Unemployment insurance claims are the single best timely indicator of the state of the economy. Although the week-to-week and even the month-to-month fluctuations can be misleading at times, if this series is trending, that's where the economy is headed.
Take a look at the picture below. I graph weekly unemployment insurance claims from 1967 through this morning's release -- 573 thousand. Claims have been trending up for a while now. Continuing claims look even worse. They are now, 4.4 million, only 6 percent below their all time weekly record set in November 1982. That's almost within the sampling error of the series.
We might be inclined to discount this week's number a bit. We already knew the labor market was bad. Plus, the weeks between Christmas and Thanksgiving have always been hard to seasonally adjust, what with Thanksgiving moving around every year. But, whether or not this week's number is real, the trend is solidly up and it is nothing but bad.
The job market is deteriorating. How bad is going to be?
Let's take a look at the relationship between initial claims and the monthly change in employment. We have a consistent series for each going back to 1948. The relationship between the two series is one of the most stable relationships in macroeconomics. It survives recessions, booms, the 1970s, and even the Great Moderation. If anything at all, the month-to-month movement has gotten stronger over the last twenty years.
Take a look at the chart below. The relationship holds up all the way back.
Caveats. Of course, the 933,900 number comes from holding initial claims in the first week of the month constant for the rest of December. The risks to the forecast go both ways here. It would also be a monthly fall 30 percent larger than any other fall in U.S. history. That in itself argues against the number. In percentage terms, however, the number is not all that big. The labor force has grown a lot since 1974; we may have room for a large fall.
We shall see. But, it looks like a lot of folks are going to have a less-than-merry Christmas.
1 comment:
From the past two postings on the blog, the importance of the US demographics cannot be understated.
As the boomers approach retirement, they all have the same expanded balance sheet trade on. As the workforce growth rate slows in trend (was well over 4% in the 70s now just about 1% and still headed lower) they are all looking to exit the trade and the balance sheet crunch is on. Demand pressures for balance sheet expansion have gone negative. US household sector savings are going to explode higher. 1mm drop in payrolls is a massive signal of such a transition. Its Secular.
Down 1mm in payrolls is a massive number given the workforce is not growing that rapidly. My view remains that financing the baby boomer is a horse and buggy business. Its over for those industries and a precipitous decline in housing prices in the US northeast corridor is coming.
Policy, in general, has supported prices and prices are what need to adjust lower. Modern finance balances the equation PV = CashFlow / TermStructure.
PV's simply need to fall relative to much lower cashflow (cashflow has collapsed is the problem) in the system. As the Fed just reported in the Z1 release, the household sector is now paying down debt.
The reversal in cashflow is almost 1.7 trillion USD from its peak (when in trend) roughly 2 years ago in the US household sector alone. The trend rise in private sector credit has hit a secular peak.
Industries dependant on household sector credit growth are impaired for years. Furthermore, as the US government takes on explicit debt increases, it does so with a naturally weakening tax base. The workforce growth rate is slowing perhaps to zero or negative in the coming years.
The solution to the economic crisis lies partially in the TermStructure. Only soveriegn bonds, as an asset class, have increased in price this year.
With deflation being a fear, yields should be allowed (soveriegn) to trade negative. This will push up the market cap of the bond market and act as a wealth counterweight to sagging asset prices.
During inflation, yields rise above expected inflation rates to provide an alternative to private sector assets. During a deflation, yields need to undershoot expected deflation. This on one hand rewards the savers but also challenges as to when to shift back into private assets.

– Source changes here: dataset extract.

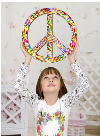
The peace on earth is in the hands of the children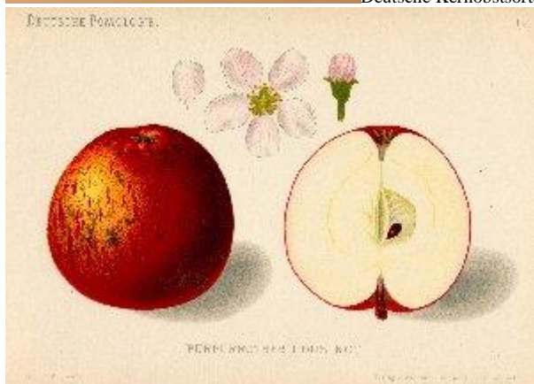
W.Lauche Deutsche Pomologie 1882/83

Bond market gains are monetized by the fed reducing explicit US govt obligations but allowing QEP to progress making an important substitution for the collapsed velocity.
The risk free rate only says you will get money at the horizon, there is no natural law as to why it can't be negative. If deflation is -5%, why should govt borrow at 0%? Its getting ripped off.

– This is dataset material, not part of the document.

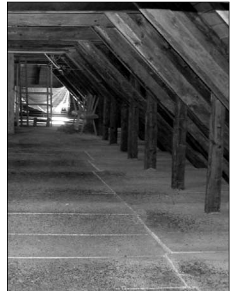
Die Hangplätze im Dachboden des Schlosses Lengberg bleiben auch nach dem Umbau erhalten.

Die Umbauarbeiten erfolgen bis zum Jahr 2010, und wir sind überzeugt, dass auch dieses Projekt beweisen wird, dass sich in solchen Fällen zumeist befriedigende Lösungen für Quartierbesitzer und Fledermäuse finden lassen!

The economy is having a massive downward cashflow shock. First from credit and now from income. TARP has largely supported PV. Simply throwing money away.
The Fed should push rates below zero. Push up the bond market cap. Reduce borrowing needs. Replace the collapsed velocity with market cap.
The tax base is stable in the US, ramping up liabilities in front of what will be explosive entitlement growth is a clear negative. Creating forward cashflow obligations is a disaster.
Rates down, big time negative and let the bond market do the work. Break the taboo on negative rates. Millions of people depend upon it.